Alongside his professional debut, he was selected in January 2026 as one of the thirty-one players chosen by head coach Andrea Di Giandomenico to compete in the 2026 Six Nations Under 20s Championship.

Faissal continued to regularly appear for Zebre in URC after the Six Nations.

===Northampton Saints===
In May 2026, it was announced that Faissal has been signed by the Northampton Saints in the Premiership, ahead of the 2026–27 season.

==International career==
Progressing rapidly through Rugby Parma's youth system, he soon made a name for himself thanks to his athletic ability and speed, which earned him call-ups to the national youth teams. In 2023, he was selected to take part in the Six Nations Festival U18. In July 2023, he joined the development centre in Milan, organised by FIR. In 2024, he competed in the Six Nations Festival U18 once again.

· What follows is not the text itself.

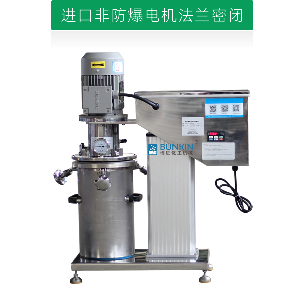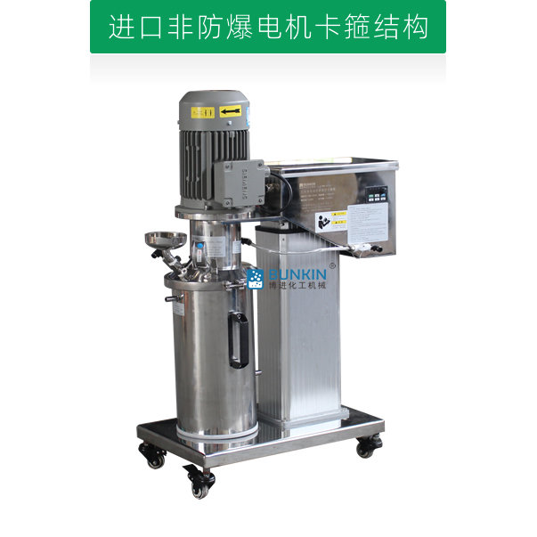 设备带有电动升降,噪音低能够快速升降和固定密封桶;分散盘采用内六角螺栓与主轴固定,能够方便快速拆卸更换,清洗容易;带有锁扣密封条装置,可以快速将密封桶固定。
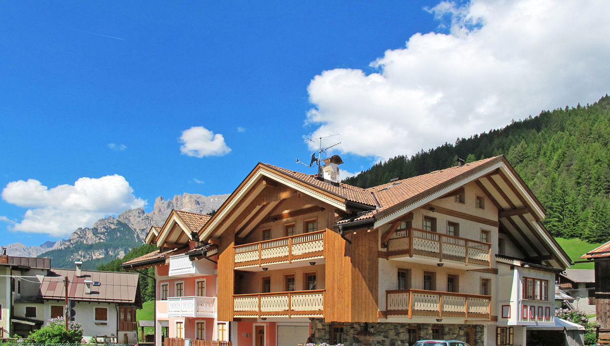 Apartment house "Giovanni". 9 apartments in the property. In the district of Fontanazzo 1.3 km from the centre of Campitello, 4.5 km from the centre of Canazei, 45 km from the centre of Bolzano, 20 km from the lake. Parking on the premises. Grocery 1.3 km, restaurant 1.3 km, bus stop 150 m, railway station "Bolzano" 45 km, indoor swimming pool 4 km. Golf course (9 hole) 18 km, walking paths from the house 100 m, ski lift 2.5 km, gondola lift 2.5 km, ski bus stop 150 m, cross country ski track 50 m, children's playground 200 m. Well-known ski regions can easily be reached: Col Rodella (Sella Ronda) 2.5 km, Buffaure 6.4 km. Well-known lakes can easily be reached: Lago di Carezza 20 km. Hiking paths: Sentiero Gruppo del Sasso Lungo 1.5 km, Sentiero Gruppo del Catinaccio 1.5 km. Please note: the owner lives in the same residence.

Faissal was included in Italy's 33-man squad on 17 June 2026, ahead of their 2026 Nations Championship Tests against Japan, New Zealand, and Australia. On 2 July, Faissal was named as Italy's starting right wing in their opening match against Japan in Tokyo. Faissal made his international debut alongside former Zebre Parma teammate Alessandro Ortombina.